Alison was confused and so was I. “Get out of my room!” I shouted at Charles, holding the door open. “Now!”

“Goodnight, California,” Charles sang as he left. “Until next time …” He blew her a kiss.

I slammed the door after him. “I'm sorry,” I said to Alison. “He's so obnoxious.”

“No … it's okay,” she said.

“It's not okay! He's playing with your mind.”

“Maybe he is adopted.”

“He's not!”

“You're younger,” she said. “Maybe you just don't know. Some people don't talk about it.”

“It's not possible!” I said, feeling lost. “Grandpa Robinson said—” I stopped in midsentence. “I mean, he looks like my father … don't you think?”

“Not really,” she said.

But Mom and Dad would never keep such a secret, would they? No, they believe in honesty. On the other hand, Mom is a very private person. She holds everything inside.

As soon as Alison left, I went directly to my parents' room and knocked on their door.

Dad called, “Enter ….” He was grading papers at his desk. I heard water running in the bathroom. Mom was probably taking a shower.

I pulled a small chair over to Dad's desk and waited for him to look up from his work. When he did, he said, “What can I do for you?”

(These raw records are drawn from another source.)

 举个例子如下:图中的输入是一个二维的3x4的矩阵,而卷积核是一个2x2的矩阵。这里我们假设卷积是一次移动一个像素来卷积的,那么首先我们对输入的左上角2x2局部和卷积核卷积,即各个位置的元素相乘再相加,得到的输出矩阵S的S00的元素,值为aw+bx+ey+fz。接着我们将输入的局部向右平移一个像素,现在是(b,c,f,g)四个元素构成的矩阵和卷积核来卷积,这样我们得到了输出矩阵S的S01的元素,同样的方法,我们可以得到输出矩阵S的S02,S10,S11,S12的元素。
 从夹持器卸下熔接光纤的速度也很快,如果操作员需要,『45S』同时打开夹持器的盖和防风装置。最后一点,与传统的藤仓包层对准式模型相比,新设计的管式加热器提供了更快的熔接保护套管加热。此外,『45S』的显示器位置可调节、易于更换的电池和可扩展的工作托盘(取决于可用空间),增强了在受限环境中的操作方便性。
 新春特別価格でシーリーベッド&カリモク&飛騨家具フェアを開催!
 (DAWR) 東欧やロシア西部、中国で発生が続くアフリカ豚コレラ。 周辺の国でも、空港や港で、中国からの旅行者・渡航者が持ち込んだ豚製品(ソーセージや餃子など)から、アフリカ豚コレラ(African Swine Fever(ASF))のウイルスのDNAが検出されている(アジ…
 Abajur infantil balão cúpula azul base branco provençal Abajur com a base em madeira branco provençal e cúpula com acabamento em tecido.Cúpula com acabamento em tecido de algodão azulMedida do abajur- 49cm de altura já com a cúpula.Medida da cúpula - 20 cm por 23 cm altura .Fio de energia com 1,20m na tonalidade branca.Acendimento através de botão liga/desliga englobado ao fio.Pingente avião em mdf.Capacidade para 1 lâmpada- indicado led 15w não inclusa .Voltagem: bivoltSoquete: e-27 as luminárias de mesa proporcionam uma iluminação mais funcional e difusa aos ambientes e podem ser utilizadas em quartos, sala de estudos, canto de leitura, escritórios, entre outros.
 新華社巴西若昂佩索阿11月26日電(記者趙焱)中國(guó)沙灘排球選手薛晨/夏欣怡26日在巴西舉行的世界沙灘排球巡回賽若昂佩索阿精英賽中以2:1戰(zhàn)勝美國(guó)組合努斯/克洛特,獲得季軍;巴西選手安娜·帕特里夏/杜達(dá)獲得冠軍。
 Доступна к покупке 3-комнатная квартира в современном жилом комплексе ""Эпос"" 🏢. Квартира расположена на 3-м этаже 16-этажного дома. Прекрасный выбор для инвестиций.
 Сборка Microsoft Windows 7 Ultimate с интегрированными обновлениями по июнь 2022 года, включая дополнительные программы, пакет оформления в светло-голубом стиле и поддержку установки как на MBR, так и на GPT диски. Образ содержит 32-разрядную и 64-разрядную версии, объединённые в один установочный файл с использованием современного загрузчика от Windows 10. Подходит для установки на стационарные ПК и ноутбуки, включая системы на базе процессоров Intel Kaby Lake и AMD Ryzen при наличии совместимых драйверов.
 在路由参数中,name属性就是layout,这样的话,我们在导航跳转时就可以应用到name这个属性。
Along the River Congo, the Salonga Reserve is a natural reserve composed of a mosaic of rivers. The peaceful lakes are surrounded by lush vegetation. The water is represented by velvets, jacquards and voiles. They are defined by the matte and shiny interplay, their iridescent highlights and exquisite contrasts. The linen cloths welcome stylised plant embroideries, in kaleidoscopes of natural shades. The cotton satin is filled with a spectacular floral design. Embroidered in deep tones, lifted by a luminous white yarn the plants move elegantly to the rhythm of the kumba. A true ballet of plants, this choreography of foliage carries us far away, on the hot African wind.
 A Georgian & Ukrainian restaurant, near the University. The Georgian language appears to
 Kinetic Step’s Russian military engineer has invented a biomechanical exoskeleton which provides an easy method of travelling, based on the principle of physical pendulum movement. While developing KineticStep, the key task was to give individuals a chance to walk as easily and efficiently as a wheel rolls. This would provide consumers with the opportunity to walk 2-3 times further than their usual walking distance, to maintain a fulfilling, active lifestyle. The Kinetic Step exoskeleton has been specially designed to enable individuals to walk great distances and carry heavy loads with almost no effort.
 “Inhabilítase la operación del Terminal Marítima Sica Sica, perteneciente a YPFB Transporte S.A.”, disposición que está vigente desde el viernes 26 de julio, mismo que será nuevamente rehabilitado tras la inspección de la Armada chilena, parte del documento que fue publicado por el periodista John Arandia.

“I have a very important question,” I said.

“Okay … shoot.”

There was no easy way to do this. I focused on Mom's collection of glass bottles. There are eleven
of them sitting on top of her dresser, each with a silver top.

“Rachel …” Dad said.

I looked at him, then back at Mom's bottles. Finally I managed to say, “Is Charles adopted?”

Dad didn't answer right away. He reached for my hand. “I know it must feel that way to you …”

“It doesn't feel that way to me,” I said, “but that's what he just told Alison! He told her he's one-eighth Native American, one-eighth Korean, one-quarter Irish and …”

Dad started laughing.

“I don't find it funny at all!”

“He's not adopted,” Dad said. “He probably just feels that would explain things.”

“Are you absolutely sure?” I asked.

Dad stroked my arm. “I was there at his birth, honey. I held him in my arms, same as I held Jessica and you when you were born. Not that I wouldn't love any of you just as much if you were adopted …”

“It's cruel to lie to someone who really is adopted, trying to make her think they have something in common.”

“I'm not excusing him,” Dad said, “but maybe he likes Alison and is trying to impress her.”

“What do you mean by
likes?”

Dad kind of smiled and said, “You know … boy meets girl …”

“You mean likes her
that
way!” I didn't give Dad a chance to respond. I jumped up. “That's out of the question. She's my friend. My friends are off-limits to him. You've got to do something, Dad! You've got to get him out of my life!”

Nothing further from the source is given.